*** Begin section ***
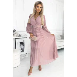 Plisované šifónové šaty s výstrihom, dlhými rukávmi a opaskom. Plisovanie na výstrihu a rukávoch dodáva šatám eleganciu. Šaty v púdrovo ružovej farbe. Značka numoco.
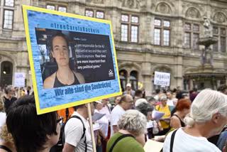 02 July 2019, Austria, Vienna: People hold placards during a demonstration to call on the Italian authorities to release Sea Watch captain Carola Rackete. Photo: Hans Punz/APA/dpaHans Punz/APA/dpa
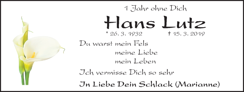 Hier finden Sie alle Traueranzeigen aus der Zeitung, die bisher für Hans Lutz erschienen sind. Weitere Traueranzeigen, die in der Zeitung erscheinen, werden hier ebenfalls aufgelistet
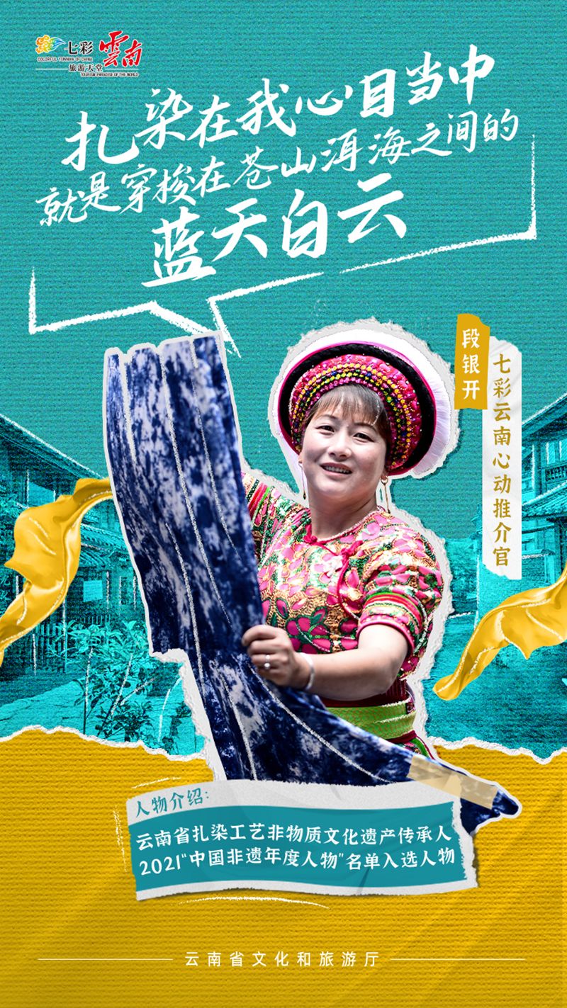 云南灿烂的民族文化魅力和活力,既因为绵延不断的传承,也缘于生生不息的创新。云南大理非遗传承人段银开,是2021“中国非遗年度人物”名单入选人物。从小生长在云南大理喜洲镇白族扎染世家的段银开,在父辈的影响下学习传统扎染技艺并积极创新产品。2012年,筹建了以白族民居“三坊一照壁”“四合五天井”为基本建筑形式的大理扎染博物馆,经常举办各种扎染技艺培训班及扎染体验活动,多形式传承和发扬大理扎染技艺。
*** End section ***
Transcribe the data completely. No pictures should appear in the transcription.

 Plisované šifónové šaty s výstrihom, dlhými rukávmi a opaskom. Plisovanie na výstrihu a rukávoch dodáva šatám eleganciu. Šaty v púdrovo ružovej farbe. Značka numoco.
 02 July 2019, Austria, Vienna: People hold placards during a demonstration to call on the Italian authorities to release Sea Watch captain Carola Rackete. Photo: Hans Punz/APA/dpaHans Punz/APA/dpa
 Hier finden Sie alle Traueranzeigen aus der Zeitung, die bisher für Hans Lutz erschienen sind. Weitere Traueranzeigen, die in der Zeitung erscheinen, werden hier ebenfalls aufgelistet
 云南灿烂的民族文化魅力和活力,既因为绵延不断的传承,也缘于生生不息的创新。云南大理非遗传承人段银开,是2021“中国非遗年度人物”名单入选人物。从小生长在云南大理喜洲镇白族扎染世家的段银开,在父辈的影响下学习传统扎染技艺并积极创新产品。2012年,筹建了以白族民居“三坊一照壁”“四合五天井”为基本建筑形式的大理扎染博物馆,经常举办各种扎染技艺培训班及扎染体验活动,多形式传承和发扬大理扎染技艺。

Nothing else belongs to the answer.